We can define grammar rules for phrases ourselves. For example, a noun phrase can be “determiner + adjective + noun” or “determiner + noun + prepositional phrase”; a prepositional phrase can be “preposition + noun”, and so on.
- Dependency structure shows which words depend on, modify, attach to, or act as arguments of other words.
Ambiguity is common in language, and prepositional phrases create even more ambiguity in English. For example:
Scientists count whales from space
This can be understood as Scientists [count] [whales from space], or Scientists [count whales] [from space].

Dependency Grammar and Treebanks
Dependency syntax assumes that syntactic structure consists of relations between lexical items, usually binary asymmetric relations called dependencies.
The figure below is an older example of a dependency structure.
An arrow connects a head, also called governor, superior, or regent, with a dependent, also called modifier, inferior, or subordinate.
Usually, dependencies form a tree: a connected, acyclic, single-root graph.

Annotated Data

At first, building a treebank may look slower than manually writing grammar rules, and perhaps less useful. Manual annotation is indeed troublesome, but it has several major advantages:
- Reusability: one annotated dataset can be used to train many parsers and POS taggers.
- Broad coverage: hand-written rules often cover only a few intuitive examples, while annotated real corpora cover the complexity of language in actual use.
- Frequencies and distributional information: a treebank tells the model which structures are more common, helping probabilistic models make better decisions.
- A way to evaluate NLP systems: without this kind of gold standard, we cannot measure parser accuracy through metrics such as LAS and UAS.
The dependency labels in the example figure can be roughly understood as:
| Label | Meaning | Simple understanding |
|---|---|---|
| nsubj | Nominal subject | The doer of the action, as in I think. |
| nsubjpass | Passive subject | The subject in passive voice, as in city called. |
| ccomp | Clausal complement | A clause after a verb, as in think …. |
| advmod | Adverbial modifier | Modifies degree, question words, or verbs, as in Why. |
| amod | Adjectival modifier | An adjective modifying a noun, as in famous goat. |
| compound | Compound modifier | A noun modifying another noun, as in goat trainer. |
| det | Determiner | Points to words like a, the, any. |
| case | Case marker | Points to prepositions such as in, at. |
| conj | Conjunction | Words connected by or, and, as in trainer or something. |
Dependency Conditioning Preferences
During parsing, the model uses dependency conditioning preferences to judge whether two words are likely to have a dependency relation:
- Bilexical affinities: whether a dependency such as
[discussion -> issues]is reasonable. - Dependency distance: most, but not all, dependencies occur between nearby words.
- Intervening material: dependencies rarely cross intervening verbs or punctuation.
- Valency of heads: for a head word, how many dependents does it usually have on each side?
Projectivity
If the words of a sentence are arranged in linear order and all dependency arcs are drawn above the words, a parse is projective when no two arcs cross.

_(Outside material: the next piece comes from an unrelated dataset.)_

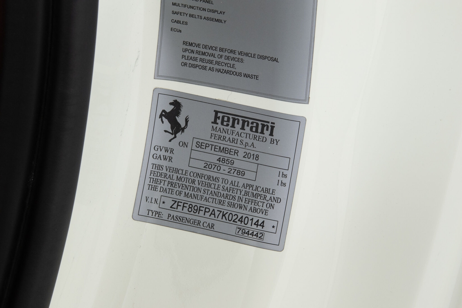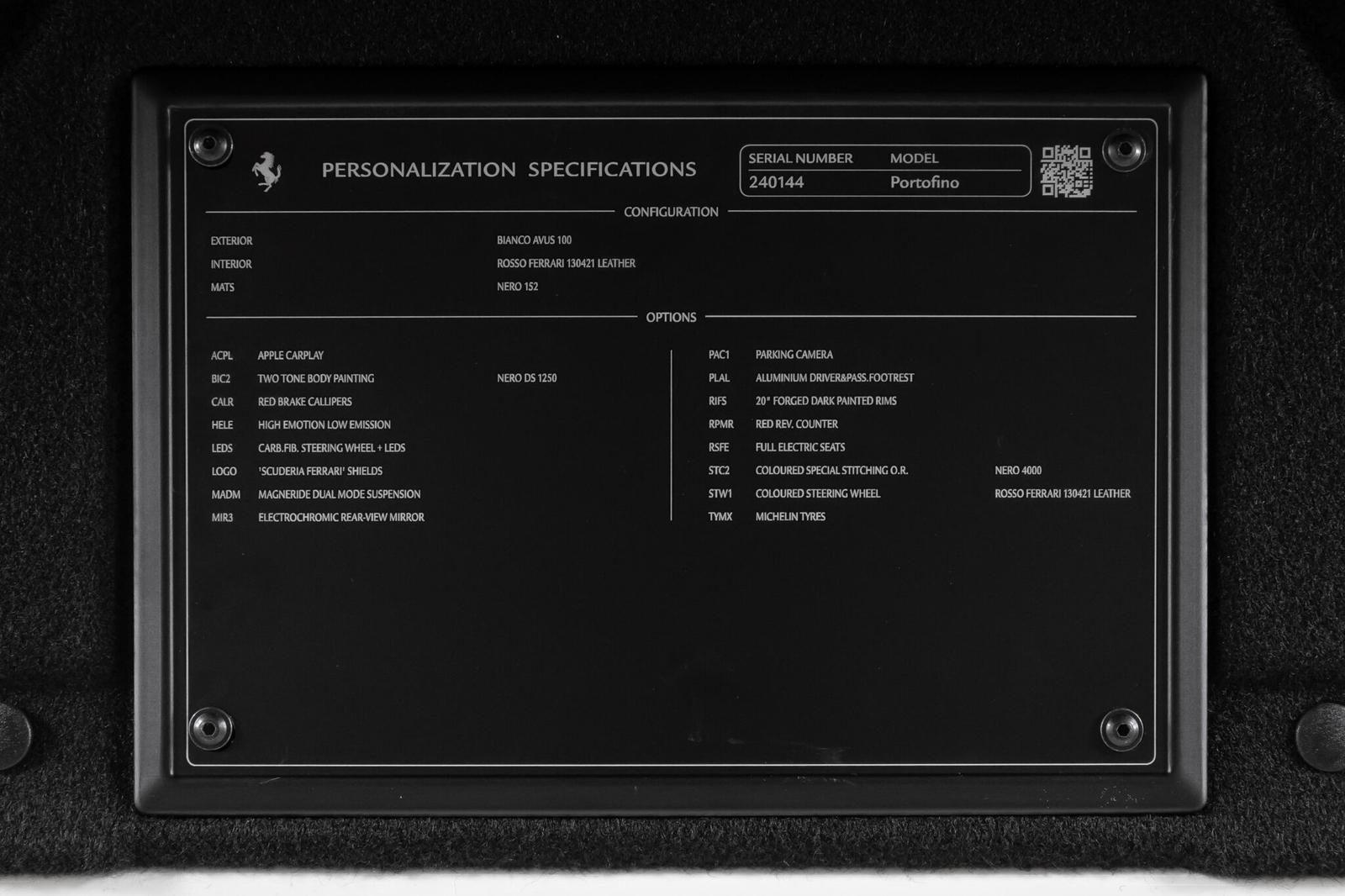 Ferrari South Bay is pleased to bring to market this One-Owner, Ferrari-Certified 2019 Portofino, finished in Two-Tone Bianco Avus with a Nero Black Roof and stunning Rosso Ferrari Leather on the interior. It is in remarkable condition, as one would expect from a car with just over 2,000 miles showing on the odometer.The Portofino is a terrific balance of relaxed grand tourer with a sports car lurking just under your right foot. A push of a button drops the retractable hard top for some al fresco thrills while listening to the opera produced by Ferrari's award-winning 3.9 liter twin-turbocharged that lives under the bonnet.The exterior is finished in Two Tone Bianco Avus with Nero Black Roof, highlighting the cockpit and showing off the sleek curves of the body panels. 20" Forged Rims are painted Argento Opaco and wrap around Carbon Ceramic Brakes with Red Brake Calipers, with Ferrari's iconic Scuderia shields on the front fenders. With 592 horsepower on tap, delivered through a paddle-shifted 7-speed Dual Clutch transmission, every drive is an adventure, whether headed to your favorite restaurant or attacking the most challenging canyon.Inside, you'll find glorious Rosso Ferrari Leather covering Fully Electric Seats, with contrasting Nero Black stitching on the doors and dashboard. The Steering Wheel is Carbon Fiber trimmed with Rosso Ferrari Leather, and is fitted with Ferrari's famous LED Shift Lights, and frames a Tachometer finished in Red and Carbon Fiber F1 Shift Paddles. A Magneride Dual Mode Suspension guarantees a comfortable ride regardless of the road surface, and the Reversing Camera ensures parking is a breeze.This Portofino is offered complete with with 2 keys, books, car cover, battery tender, and the factory wind deflector. As a Ferrari CPO vehicle, it has passed Ferrari's stringent 101-point inspection, and is eligible for two years of warranty at the time of purchase. The Ferrari Genuine Maintenance Program is active until December 12, 2025. If you'd like to know more about this sensational Portofino, please contact our knowledgeable sales team for more information or to schedule an appointment for viewing.

If arcs cross, the parse is non-projective, which usually indicates long-distance movement or overlapping structure.
Non-projective examples are common in real language, such as:
Who did Bill buy the coffee from yesterday

Transition-Based Dependency Parser
A transition-based dependency parser has a stack, a buffer, and three operations.
Start: $\sigma = [ROOT], \beta = w_1, ..., w_n, A = \emptyset$
Shift: $\sigma, w_i | \beta, A \Rightarrow \sigma | w_i, \beta, A $
Left-$Arc_r$: $\sigma | w_i | w_j, \beta, A \Rightarrow \sigma | w_j, \beta, A \cup \{r(w_j, w_i)\} $
Right-$Arc_r$: $\sigma | w_i | w_j, \beta, A \Rightarrow \sigma | w_j, \beta, A \cup \{r(w_i, w_j)\}$
Finish: $\sigma = [w], \beta = \emptyset$
- $\sigma$ represents the stack, storing words currently being processed or waiting for dependency relations.
- $\beta$ represents the buffer, storing the input words that have not yet been processed.
- $A$ represents the set of dependency arcs, storing dependency relations already created.
- Left-$Arc_r$ and Right-$Arc_r$ are two reduction operations that establish whether one word depends on another, with left or right direction.
Now consider the example: analysis of I ate fish.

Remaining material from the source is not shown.